In almost all of the selected cases, we were able to use the synopses or detailed questionnaire data to identify a proximate ‘trigger’ that complainants, witnesses, and/or the missing person him or herself attributed as the cause or reason for the missing event. These ‘triggers’ were categorized into two primary groups: stressful situations and proximate stressors.

Stressful situations are defined here as temporary events that trigger both unpleasant emotions and feelings of stress in individuals. Examples of such events include a family dispute or a spousal argument. While such situations may be the result of underlying issues within relationships or in the home or work environment, this is not necessarily always the case. In many instances, the event was simply the result of situational misunderstandings that escalated. One dispute between two parties in a relationship was over whether to transfer a small amount of funds to the missing person's daughter. Another woman, a member of a tourist group, got into a dispute with other group members and stormed off multiple times. The language used to describe this cause included: “taking off after the argument,” “stormed out of the house,” and “left after an argument.”

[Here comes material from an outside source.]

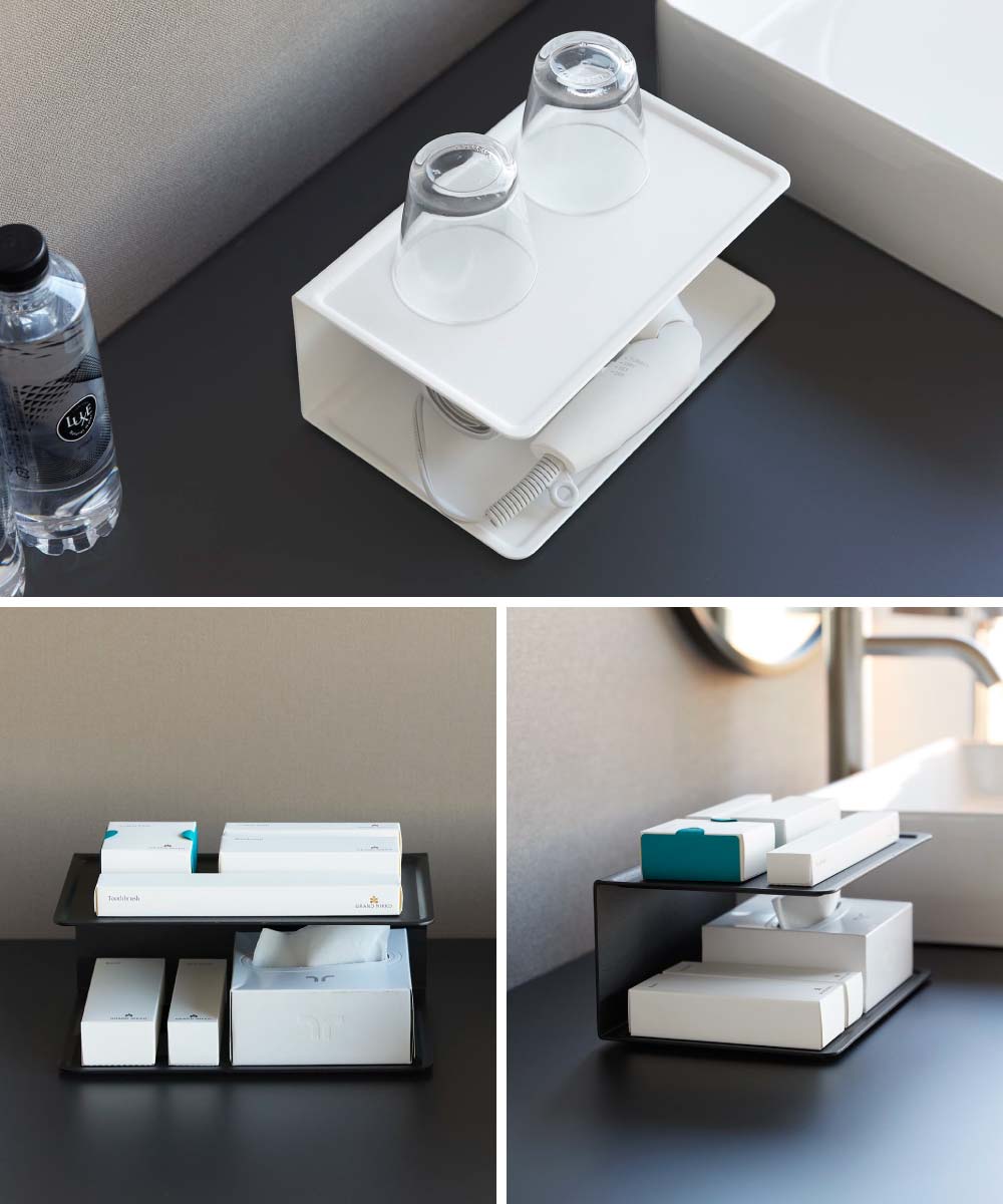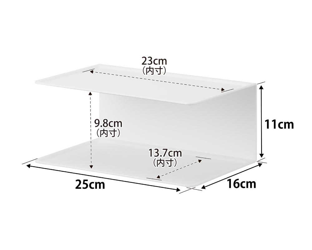 材質本体:スチール(ユニクロメッキ+粉体塗装)滑り止め:シリコーンゴムサイズ各段トレー部:約W23×D13.7×H11cm内寸サイズ約W25×D16×H11cm(下段:H9.8)cm重量約1650g耐荷重1kg(静止荷重)製造元山崎実業ブランドtower備考中国丈夫なスチール製のアメニティー収納ドライヤーなどのアメニティー収納にぴったり。上段、下段ともトレー形状になっているので、小物が置きやすく、すっきりまとめることができます。丈夫なスチール製。

In analyzing our data, we found that stressful situations were the most commonly identified proximate cause of someone leaving and subsequently being reported as missing. Indeed, we found this was the identified cause in 56 of the cases studied. Three types of arguments were observed in the data: family arguments (typically involving parents and adult children) (n=8), arguments between spouses and/or partners (n=47), and disputes with social service providers (n=1). Spousal arguments centred on a range of topics, from accusations of infidelity to arguments over childcare, family tensions, finances, and barking dogs. For example, one individual left following an argument about being woken up by the family’s dogs. Another dispute was triggered when a wife refused to provide her husband the keys to the car after he had been drinking: “SHE DID NOT ALLOW HIM TO DRIVE VEHICLE HOME.” Family disputes were also over a range of conflicts, often involving adult children living with parents. One family dispute began with a daughter "scolding" her father "because of his behavior," causing him to be "upset" and leave home. Similarly, a separate incident in which friction between an adult daughter and her mother sharing a small living space, spilled into a disagreement over “making too much noise.”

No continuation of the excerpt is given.